▶ What is needed: Determine how many lines in the listing below contain the word "Hunze", then state that number by itself.

Supplied material below:

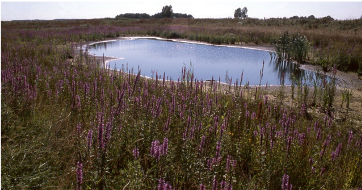
Dal van de Hunze

Hier heb je een prachtig uitzicht op het stroomdal van de Hunze. De oude rivier de Hunze vormt de oostgrens van de Hondsrug. Het hoogteverschil is op sommige plaatsen meer dan 20 meter.
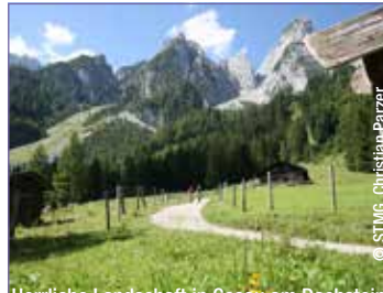
Herrliche Landschaft in Gosau am Dachstein

Preis: p. P. ab € 99,- Leistungen: Busfahrt und Ticket
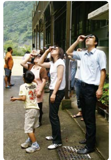
▲曇り空が程よいカーテン。日食グラス越しの太陽観察（松尾中学校）
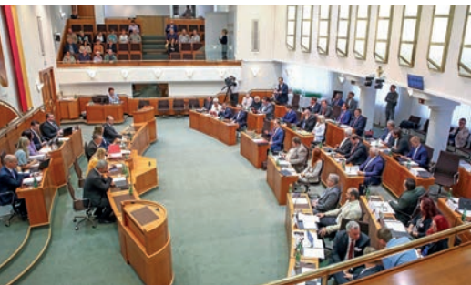
Landtagsabgeordnete während einer Sitzung
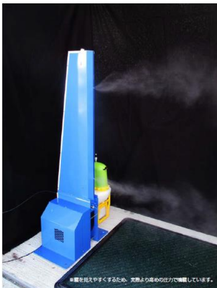
※霧を見えやすくするため、実際より高めの高圧で噴霧しています。
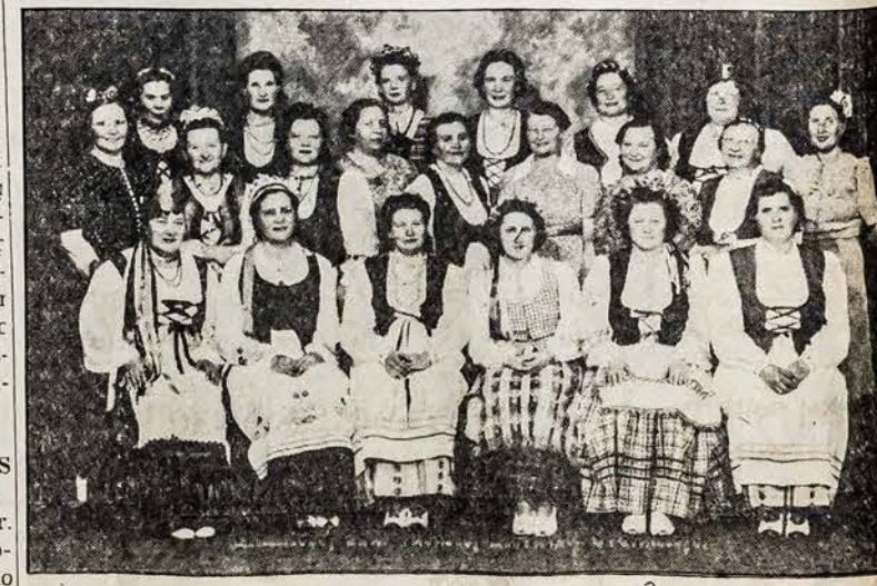
CLEVELANDO MOTERŲ GRUPE Kuri dainuos Lietuvos Nepriklausomybės Jubiliejinėse iškilinėse, 21d. vasario, Lietuvių Svetainėje.
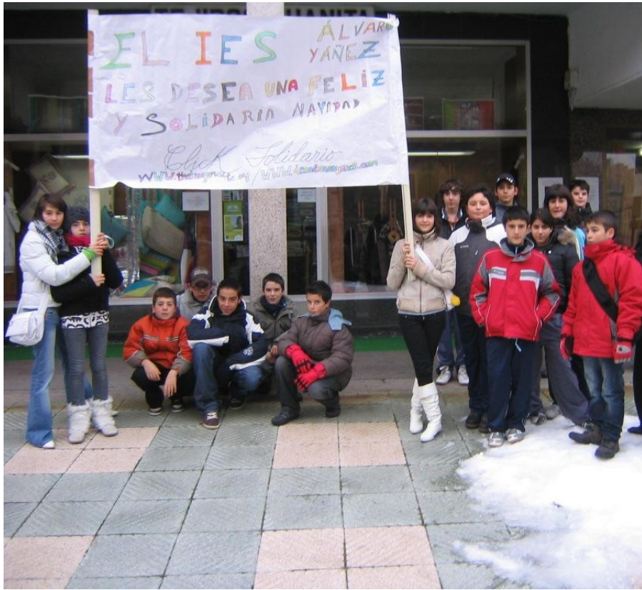
ACTIVIDAD DE CALLE CON INFORMACIÓN DEL CLIC SOLIDARIO

End of Supplied material.

▶ Reply to the task: 2